In mathematics, there is a proof that the following infinite series converges to a constant irrational number, denoted by $e$, called as Euler's number or Euler's constant or Napier's constant. The value of $e$ lies between 2 and 3.
$$1 + \dfrac{1}{1!} + \dfrac{1}{2!} + \dfrac{1}{3!} + \cdots$$
The natural exponential function, defined as follows, has some interesting properties
$$f: \mathbb{R} \rightarrow \mathbb{R}$$ $$f(x) = e^x$$
It is used in several algorithms and in the definitions of functions like SoftMax. I am interested in knowing the possible mathematical characteristics that lead this function useful in artificial intelligence.
The following are the properties I am aware of. But, I am not sure about how some of them will be useful
Non-linearlity: Activation functions are intended to provide non-linearity. So, it is a candidate for activation functions due to this property. You can check its graph here.

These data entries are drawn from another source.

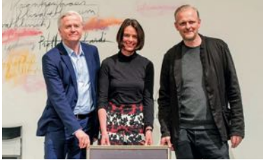
Adj 2016/17: Professor Bernhardi, Schaubühne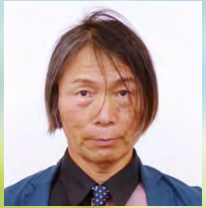
清滝地区 西口 覚 日高町頃垣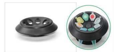
1.5 or 2ml×8本用ローター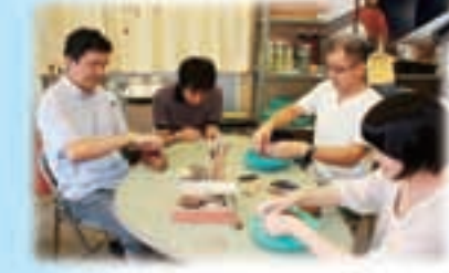
デイ・ナイトケアセンター「悠遊」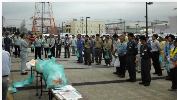
○たくさんの方々に参加して頂きました！

7/17（水）、仙台港区内におきまして一斉清掃を実施しました。当日は港湾利用者を始め、工事業者、周辺企業などから65社、約280名の方々に参加していただきました。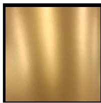
UV-H 특금색 적색계

[폐사독자적인 금속분에 대한 표면처리기술(특허취득)에 의하여 장기보관안정성이 특징으로 겔화문제를 클리어하고 있습니다.]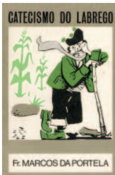
Obras clásicas galegas recuperadas polo labor editorial de Xosé M a Álvarez Blázquez

Desta ansia se vai alimentar Xosé María Álvarez Blázquez, que naceu, como dixemos, en 1915, e a esta vocación de servizo á lingua e á cultura galega vai servir co seu traballo e a súa dedicación literaria, xornalística e editora durante toda a súa vida. É, pois, fillo político e espiritual dos artífices do Segundo Renacemento da cultura galega, que, programaticamente, vai certificar a celebración, en Lugo (Novembro de 1918) da I Asemblea Nacionalista, que proclamará a “soberanía estética da Nación Galega”.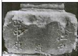
供養塔礎石 西中原・東江戸

馬方や旅をする人が集まったので、旅に必要な食料や品物も売ってました。」と言っています。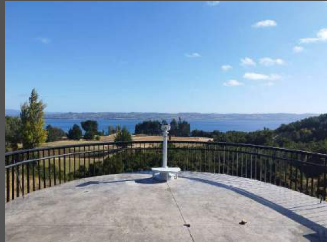
Mirador Vista Hermosa, Puqueldón Chiloé, Región de Los Lagos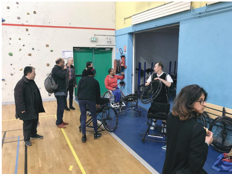
Préparation pour l'entrainement de handibasket avec l'équipe de St-Ouen Handibasket.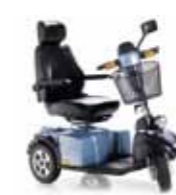
Mini Crosser E-Modell 3 Räder Seite 18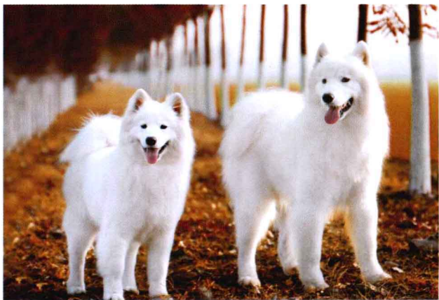
训练宠物犬是饲养过程中的又一课题

一只狗的气味可以使另一只狗知道它的领地、性别、年龄和健康等状况。比较胆小的狗或是幼犬之所以不敢在外面小便，就是怕侵犯到大狗的势力范围。有趣的是，一只体型小的犬经过体型大的犬留下的领地痕迹时，会尽量抬高它的后肢撒尿来盖住体型大的犬留下的痕迹；而体型大的犬在路经体型小的犬留下的痕迹时，会尽量以低于正常的姿势排尿，以覆盖体型小的小犬留下的痕迹。一般会做标记的都是公狗，不过，偶尔也有一些“女权主义”的母狗，会和公狗一样抬起腿来小便，用尿来标志领地界限或是规定道路，但母犬的领地感并不像公犬那样强，它只在发情期时，为了告诉周围的公犬它正处于发情期才会这样做。平时，母犬并不像公犬那样重视自己的领地和自己在犬群中的地位，它们只注意保护自己的犬仔，犬群里有许多母犬始终都和睦地生活在一起，它们甚至可以喂养其他母犬的幼仔。

Differentiability: Loss functions used for in back-propagation algorithm need to be differentiable. So, it can be a candidate for usage in loss functions too.

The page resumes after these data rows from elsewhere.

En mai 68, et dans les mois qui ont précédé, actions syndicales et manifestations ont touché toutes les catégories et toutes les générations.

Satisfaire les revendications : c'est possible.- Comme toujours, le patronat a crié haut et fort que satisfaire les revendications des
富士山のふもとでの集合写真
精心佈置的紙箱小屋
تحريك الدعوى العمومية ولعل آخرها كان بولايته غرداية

$$\dfrac{d}{dx} e^x = e^x \text{ for all } x \in \mathbb{R}$$
Continuity: I am not sure how this property is useful in algorithms. Intuitively, you can check from graph provided above that it is continuous.
Smoothness: I am not sure how this property is useful in algorithms. But seems useful. The natural exponential function has the smoothness property.
$$\dfrac{d^n}{d^nx} e^x = e^x \text{ for all } x \in \mathbb{R} \text{ and } n \in \mathbb{N}$$.
Are there any other properties like non-linearily, differentiability, smoothness etc., for the natural exponential function that make it superior to use in AI algorithms?